Mr. Quarles received an A.B. summa cum laude in philosophy and economics from Columbia in 1981 and a J.D. from the Yale Law School in 1984.
Originally posted by JBA2848
Quarles told the luncheon group that he chose the topic in January. Hmmm. Didn't Treasury Paulson just make the proposal to restructure the financial regulatory agencies last week? How did Quarles pick this topic back in January? Short-answer, Quarles is a major insider and his comments should be monitored to get a sense for what insiders are thinking.
A confidential memo obtained by Wikileaks shows that not only has the U.S. Securities and Exchange Commission created an insider trading loophole big enough to drive a truck through, but that Wall Street is taking full advantage of it, establishing 'how-to' programs and even client service divisions to help well-heeled clients circumvent insider trading regulations.
Most of us think of insider trading as illegal. It allows those with inside knowledge to tilt the playing field, with the small investors invariably losing to the privileged few. Unfortunately for the small investor, the big boys get to play by different rules, and it has all been made legal, thanks to the SEC.
Here's how it works:
1. An insider client transfers all or a portion of their company stock into a JP Morgan Securities Inc. brokerage account.
2. The insider then develops, in conjunction with the 10b5-1 team, a 'phased, pre-planned sales program to be executed at either market or specified prices'.
3. Depending on the information available to the insider (but not the public), the insider can decide whether to execute the sale or not.
By gaming the system this way, JP Morgan teaches insiders how to use their knowledge to create a rigged market, one in which it is the "house" that always wins, and the small investor that always loses.
Alan D. Jagolinzer, an assistant professor at Stanford University Graduate School of Business, completed a study of roughly 117,000 trades in 10b5-1 plans by 3,426 executives at 1,241 companies.
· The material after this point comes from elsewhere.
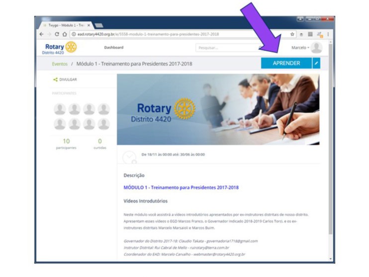 Disponibilizamos também um TUTORIAL com um passo a passo do curso: www.rotary4420.org.br/tutorialead

He found that trades inside the plans beat the market by 6% over six months. By contrast, executives at the same firms who traded without the benefit of plans beat the market by only 1.9%.businessweek.com...
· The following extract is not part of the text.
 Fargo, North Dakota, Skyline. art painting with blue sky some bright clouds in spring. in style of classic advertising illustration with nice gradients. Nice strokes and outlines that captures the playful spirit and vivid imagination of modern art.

One can only guess at how many insiders profited under JP Morgan's "insider trading program," leaving small investors holding the bag.
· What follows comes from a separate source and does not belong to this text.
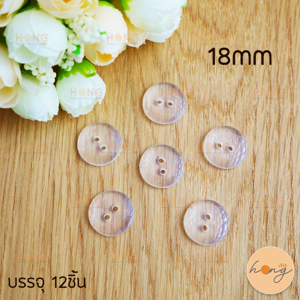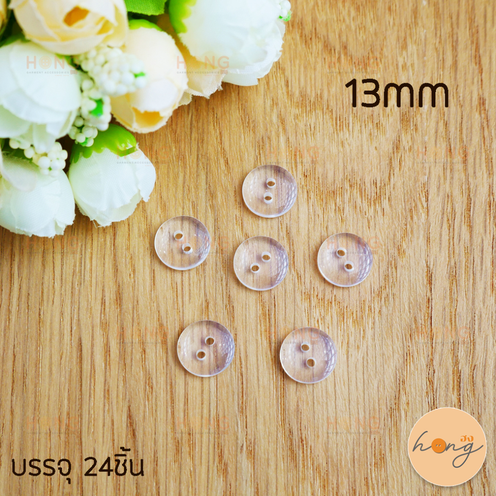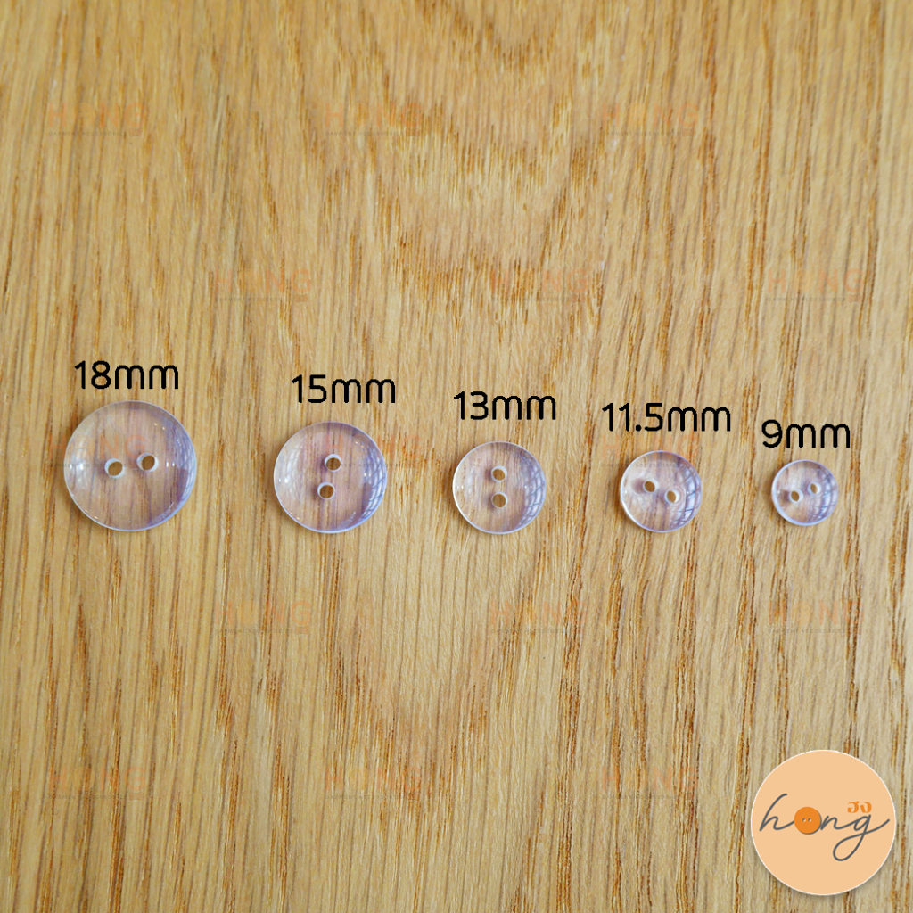 กระดุมโพลี ขอบหม่น สีใส Polyester Botton #202

Ex-CEO wants shake-up of UBS
A former chief executive Luqman Arnold has called on Switzerland's biggest bank, UBS, to split off its investment banking unit.
The move, he says, would help counter the effects of massive losses incurred in the United States subprime crisis. The investor has also demanded a shake-up of the bank's governance, and the removal of the newly appointed chairman.
Arnold's proposal came after UBS announced writedowns totalling more than SFr40 billion ($39.7 billion) for the past nine months.
Critics have blamed the investment bank arm for convincing the traditionally conservative bank to move into trading high-risk mortgage securities. UBS results have suffered they say because the bank has stuck with an integrated model, which offsets the losses in one unit with profits from others.
A UBS spokesman said the bank would respond to a letter from Arnold. His Olivant investment company owns 0.7 per cent of the bank, making it one of its biggest shareholders.
Arnold was dismissed as CEO of UBS in 2001 after just eight months in the job and a reported power struggle with the bank's board and its chairman, Marcel Ospel.